Sam Reiche, chief operating officer of the Initiative for Digital Engineering and Life Sciences, the Falmouth nonprofit that will develop the campus for Northeastern University, said while plans are still in the conceptual phase as they make their way through the Planning Board process, he hoped people concerned about the project would come out and take a look.

B&M Baked Beans plant
The only building that will remain at the former B&M Baked Beans property in East Deering is the bean factory, which will be renovated for use as a business incubator. (Portland Phoenix/Colin Ellis)

Reiche provided a reporter with a tour of the property last week, ahead of the first official open house on Tuesday, Sept. 6, which was held after the Phoenix’s deadline. 

Reiche said he and the rest of the IDEALS team have tried to be more “intensive” when it comes to the community process, acknowledging that some East Deering neighbors continue to have concerns, primarily about traffic and construction. 

The only structure that will remain standing is the actual baked bean plant, which will eventually become a business incubation space. Several other structures, including an aging codfish canning building, will be torn down and replaced by new buildings or facilities. For example, a pier will be built within the codfish building footprint.

As for the bean factory, where an iconic smokestack was dismantled before IDEALS became involved, Reiche said with a chuckle that the light-up Christmas tree seen atop the building will remain. He joked he gets asked that question probably more often than any other about the development.

The only sounds that could be heard during the Friday tour were from vehicles driving by on Interstate 295 and the occasional seagull.

B&M cannery
A cannery attached to the B&M plant will be demolished and replaced by a pier where public kayak rentals may eventually be available. (Portland Phoenix/Colin Ellis)

For the public open house, Reiche said, visitors will only walk the exteriors to see where buildings will be situated, and where to expect open space, and bicycle and pedestrian trails. The bean factory building is not safe to enter, he said, because there are holes in the floor from where ovens were removed; the codfish building, which is attached to the bean building and extends to the edge of the property nearest the water, has to be torn down because of structural issues. 

Once completed, Reiche said the hope is to work with local groups to provide kayak rentals at the new pier.

Rieche said the plan is to create about a kilometer of bicycle and pedestrian trails around the property, with the hope of eventually connecting to the city’s larger trail network.

Open space will surround the buildings, and Reiche said the hope is it will feel like public space for those who wish to use it “within reason,” meaning there may be some restrictions, similar to the city’s dusk-to-dawn closing of public parks.

“Getting people down to the waterfront is something we’re really invested in,” he said.

Reiche said the property provides development challenges, but IDEALS and Northeastern are excited to preserve the historic nature of the bean building while planning and developing a campus for the next 100 years.

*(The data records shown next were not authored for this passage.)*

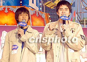 組合Shine兩人1月6日在香港金鐘添馬艦舉行之《環(huán)球嘉年華2003/4》出席「Neway終極K Fun嘉年華」演唱會(huì)作表演嘉賓,并呼吁歌迷上臺(tái)游戲。作者:鄧慶樂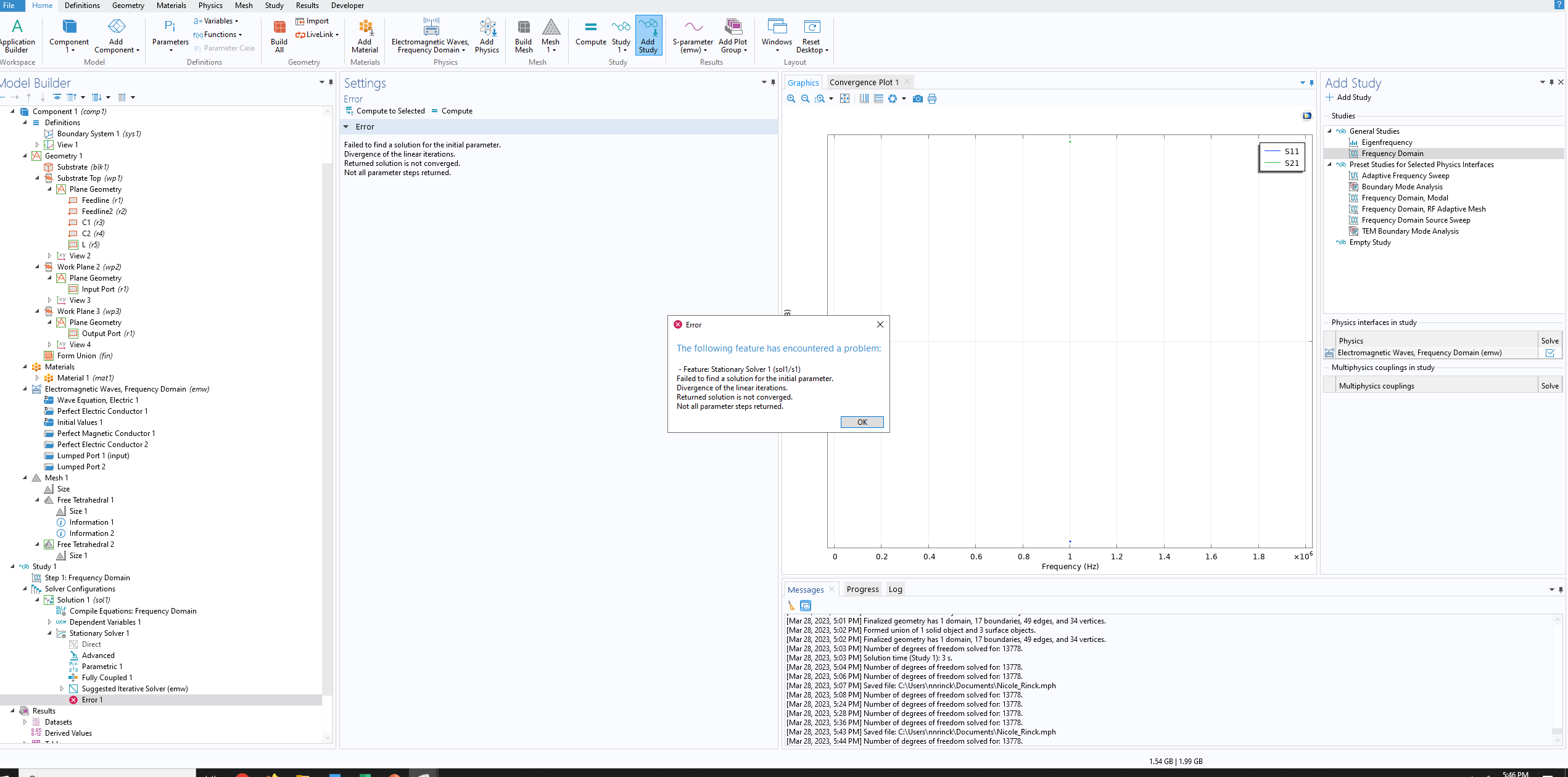 Your geometry still has some issues and your mesh could use some work too, to allow smoother variations of field quanties. You also aren't modeling any surrounding air, so that introduces additional errors in your computation. However, if your main concern is getting past the error message, then change the solver to "Direct" instead of the default iterative solver, and it will run to completion. If you fix all the other issues, you might even get the iterative solver to work, but the direct solver is more tolerant.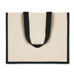 CAMPO DE FIORI joodetud džuutkangast ostukott lõuendist esiküljega ja pikete puuvillast käepidemetega on praktiline ja stiilne igapäevaseks kasutamiseks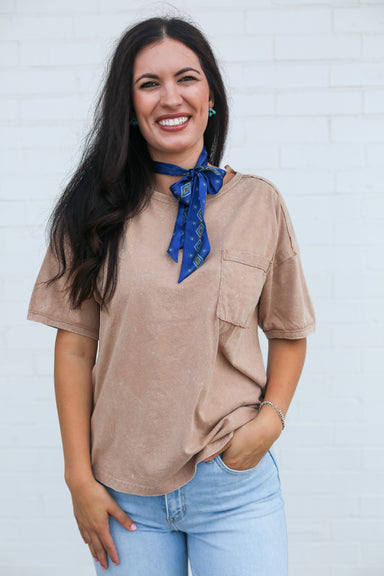 Experience ultimate style and functionality with the Boon Buckskin Top featuring an adorable pocket detail!

“We see it as a citywide initiative,” he said, while acknowledging there continue to be concerns about traffic and the scope of the project from nearby neighbors. He said IDEALS continues to try and reach as many people as possible to have personal conversations, including every person who has spoken at one of the project roundtables and Planning Board workshops.

While the full buildout may take two decades, Reiche said once the project has its approvals and can break ground, the first phase – which will include the main building being built on the southeast side of the property, a hotel, residential buildings, and renovating the bean factory – would only take about two or three years.